Editora Urutau - 2021



Foi no ano passado, num Sarau da @foradaasa, um encontro de mulheres que escrevem, comemorando nossas escritas, fazendo leituras de textos nossos, ou que nos tocavam. A Lorena @lorenamadeinpara leu uma poesia que me impactou, e logo perguntei de quem era: do livro Toracotomia caseira, da Juliana Blasina, ela contou. Juliana mora na cidade de Rio Grande, no sul do Rio Grande do Sul, como a Lorena.

Quando me encontrei com toda a poesia desse livro, fiquei ainda mais sensibilizada pelas palavras da Juliana - sensibilizada e abalada. Toracotomia, para quem não sabe, é a abertura cirúrgica do tórax. Em casa, em isolamento, foi onde alguns (com sorte!) pudemos estar com a pandemia da COVID-19. E é essa a sensação: uma abertura cirúrgica do tórax, feita em casa - na casa, com a casa, conosco e com os outros - o que nos rasgou e ainda rasga desde a visita indesejável do vírus.
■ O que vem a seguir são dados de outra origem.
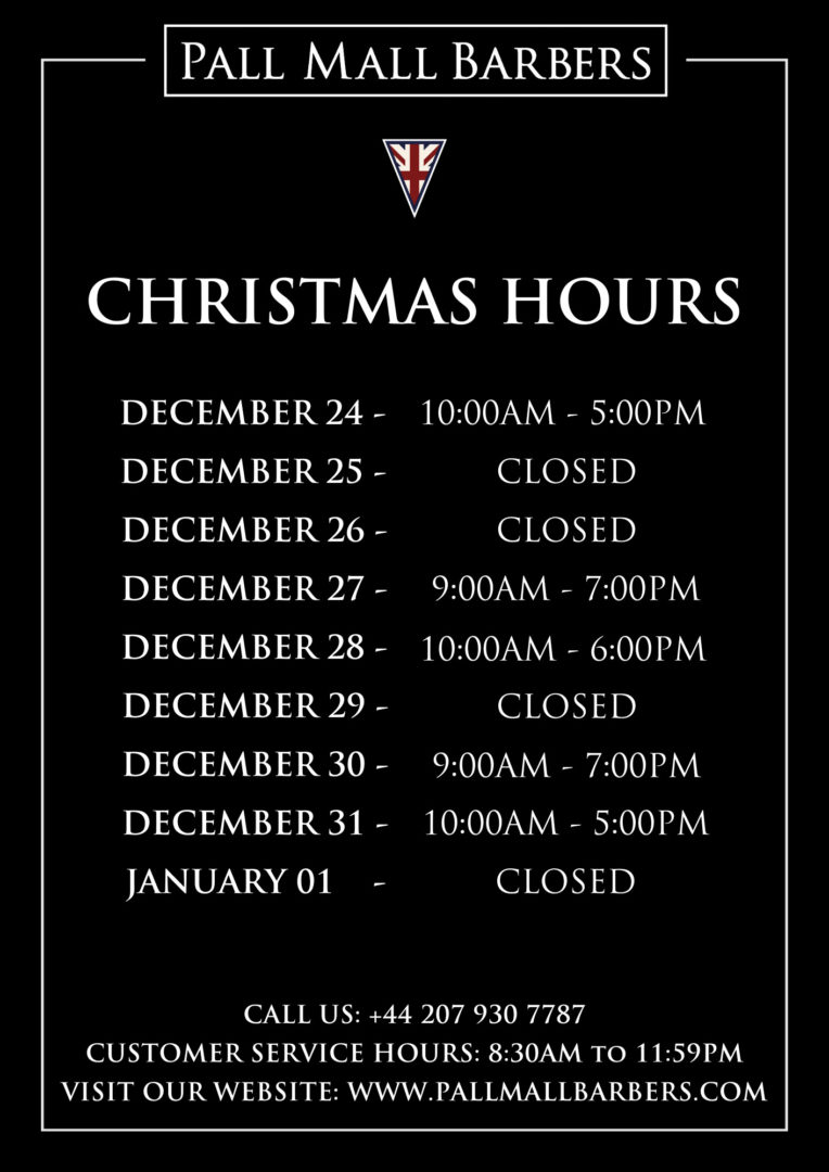 Pall Mall Barbers Westminster – Christmas Hours

A capa do livro é linda, com desenhos de martelo, tesoura, colher... objetos que utilizamos em e na casa. Precisamos desses instrumentos-objetos para mantê-la e nos mantermos. Precisamos também de instrumentos para lidar com a raiva, com a dor e com as perdas, e assim tentarmos nos equilibrar, ainda que sentindo o quanto esse equilíbrio é cada vez mais tênue. A escrita da Juliana pode ter sido um desses instrumentos pra ela, como o foi a escrita para muitas mulheres nesses e noutros tempos. Não sei. Sei que ler uma poesia como a dela me arrebatou: senti suas palavras me rasgando o peito - e, por isso mesmo, me senti ainda mais viva.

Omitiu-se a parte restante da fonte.